In those days we usually made the trip by car, a black Ford Prefect with red leather seats, so it was only later that I discovered the delights of the train journey. The road and the railway track run parallel for much of the journey and along side them both run the rivers and the cut. It still thrills me today to look across the flatness and see the white sails of yachts seemingly moving effortlessly along through the fields.

Our visits as children would be to dark-brown Victorian houses, where smartly dressed ladies sometimes even wearing gloves, would meet us. There were four sisters, my grandma and three great aunts. Sometimes they would all be there and on occasions one or both of their two brothers.

My sister and I really did have to be on our best behaviour, seen but not heard. The more people there were gathered the easier it was for us to escape and we could always rely on the help of a Great Uncle who, also avoiding the ladies, would entertain us. He chased us in the garden and in and out of the house and down all its secret passages in much the same way as he had played with my mother.

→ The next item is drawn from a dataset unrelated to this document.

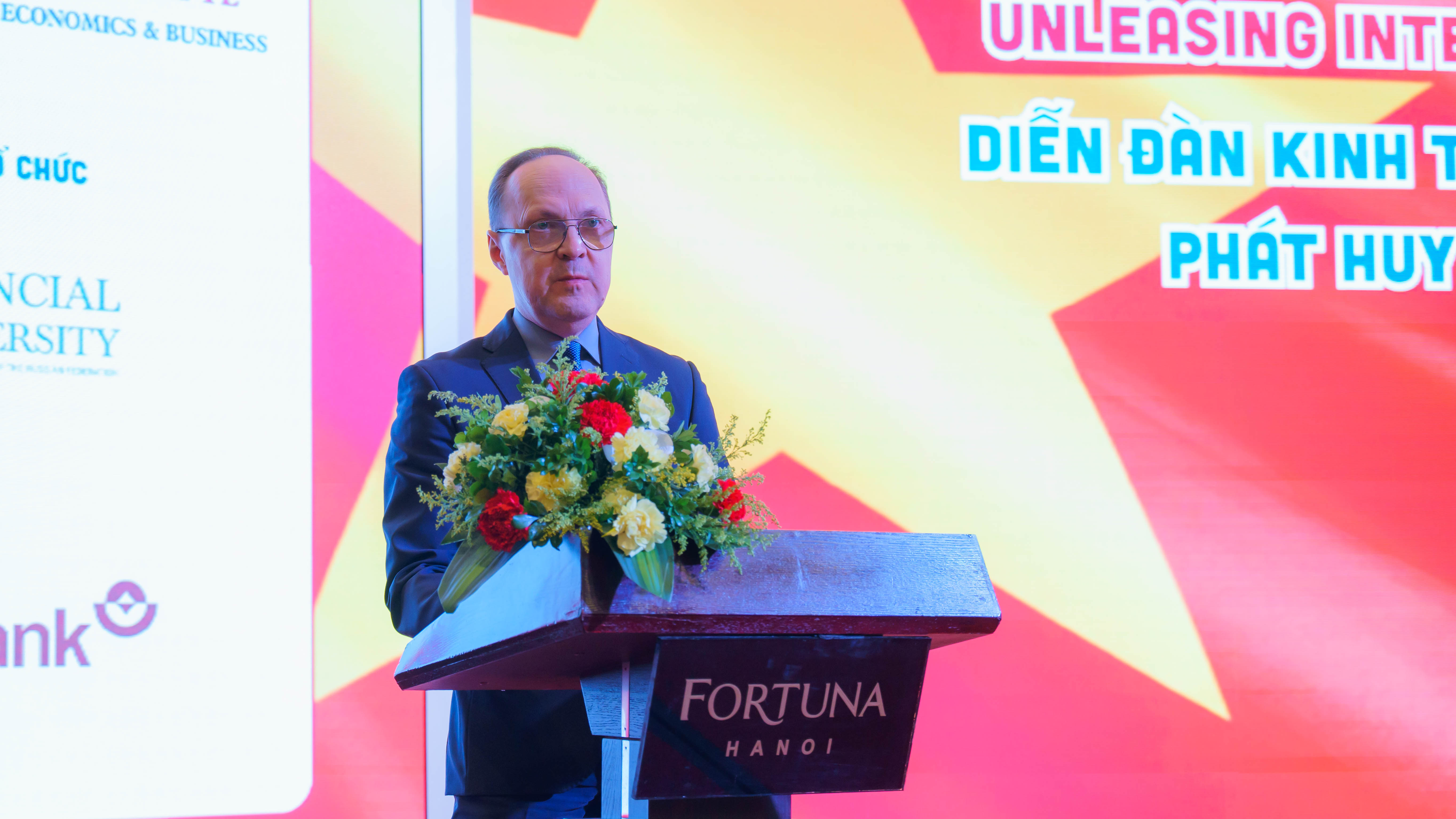 Чрезвычайный и Полномочный Посол России в Социалистической Республике Вьетнам Геннадий Бездетко, приветствуя участников Форума, подчеркнул: «2026 год объявлен Перекрестным Годом научно-образовательного сотрудничества России и Вьетнама, что придает Форуму особое значение. Особо отмечу деятельность Российско-Вьетнамского консорциума экономических университетов. Созданный в 2024 году, Консорциум уже доказал свою эффективность. Совместные образовательные программы, научные изыскания, продвижение русского и вьетнамского языков, студенческая мобильность — это реальные шаги к укреплению стратегического партнерства. Рассчитываем, что сегодняшний Форум даст импульс новым проектам в области экономики, финансов, цифровой трансформации и международной торговли».

Later in the 1970s I got to know my own Great Yarmouth which was no longer influenced by those golden days when Yarmouth had been the place for Londoners to take refreshing holidays. Being a port it never did have quite the status of Cromer or Sherringham but my Grandmother’s family didn’t seem to realise this. Great Grandfather was a chemist and therefore a man of much stature in the town, and his five girls where known as the most beautiful in town. They were shown off at every party, tea dance and ball but sadly none of them really found the prince of their dreams!

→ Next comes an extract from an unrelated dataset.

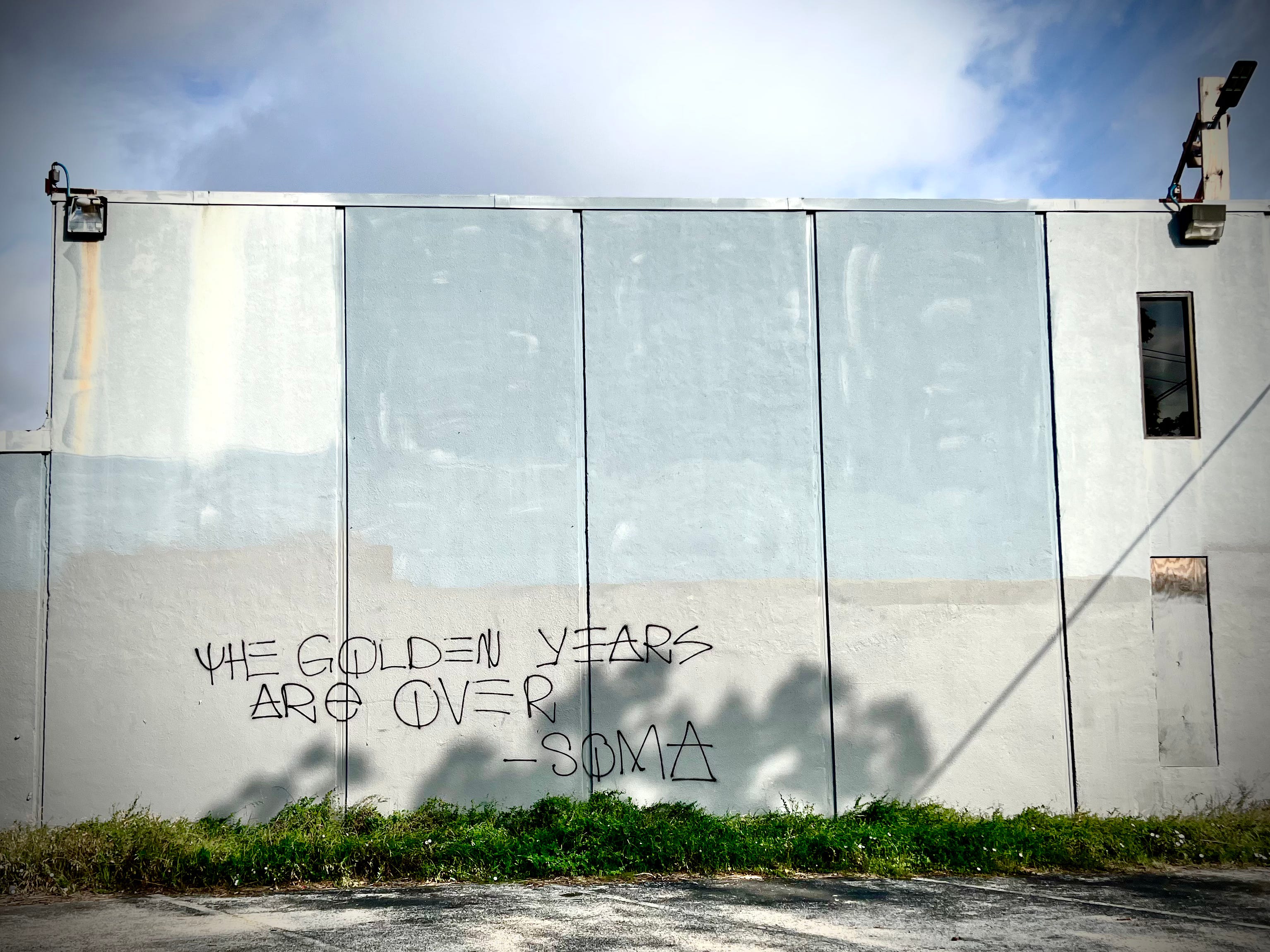 On the wall of the lighting factory behind them, a tagger named Søma had painted a new message the night before: THE GOLDEN YEARS ARE OVER.

The day that I started travelling to Yarmouth alone in September 1975 I remember feeling just like I did on that day in 1989 when I went off to Budapest. It was another day that changed my life. The time at Yarmouth art school was extra special. It was a time when I discovered that I really enjoyed doing something and was actually already getting quite good at it: drawing.

As I have mentioned in other postings I discovered a teacher there from whom I learnt to draw.
He and his wife remain my friends and it was to meet these two that I went on my favourite train journey again last week, on an autumnal misty, moisty morning over the Norfolk marshes.

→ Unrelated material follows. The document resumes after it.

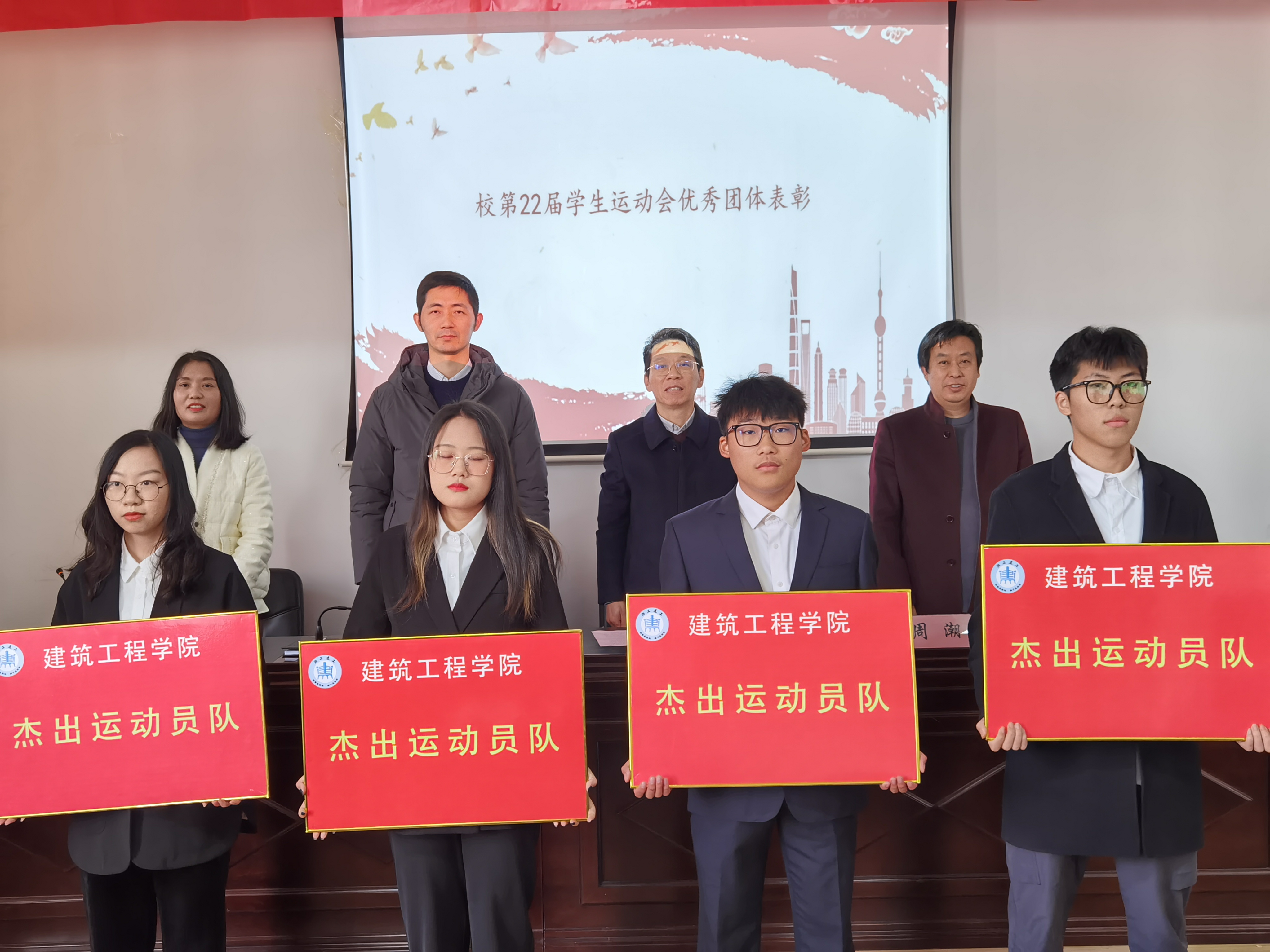 在颁奖环节,2021年江苏省三好员工李紫妍、优秀员工干部许志龙、云顶国际8588yd周恩来班建筑1181班员工代表、国家奖学金获得者周运、周劲草、校22届员工运动会优秀团体员工代表依次上台领奖。

None of us feel any different now to how we were thirty four years ago, we don’t look much different either, except we all three have greying hair.

We still love being in each others’ company and we thoroughly enjoyed this trip down memory lane, the first time we have met in Great Yarmouth for years. We usually meet up at home either theirs or my family’s.

We looked at the market, the beach, the harbour and the estuary. We drove past the art school and several of my favourite drawing haunts. While waiting at the station for my return train we concluded that really nothing had changed, even the chips on the market smell the same and still I didn’t dare eat them!

We remembered because we were in situ many things that were long forgotten. Adventures such as building huge kites which got blown out to sea, the brave ones dressing up for rag week in wigs and straw skirts (not me), cycling twenty miles for a celebratory pub-lunch when we had all been accepted for degree courses and silly things like who cried at the drawing crit at the end of the big all-day-draw on Thursdays (again not me).

Yarmouth is much the same apart from the off shore wind farm, a few more seats in the market square and the new harbour that is just under construction. The Noah’s Ark and the octopus have disappeared from Joyland at the end of Britannia pier. The metal palm trees remain as does the wonderful Victorian architecture that is hidden behind flashing lights and gawdy, kitsch facades.

Notes

Great Yarmouth

Joyland – I went on this ride on 24th June 1976 as a treat with the art school’s printmaking lecturer. If you look closely you will see the palm trees in the background.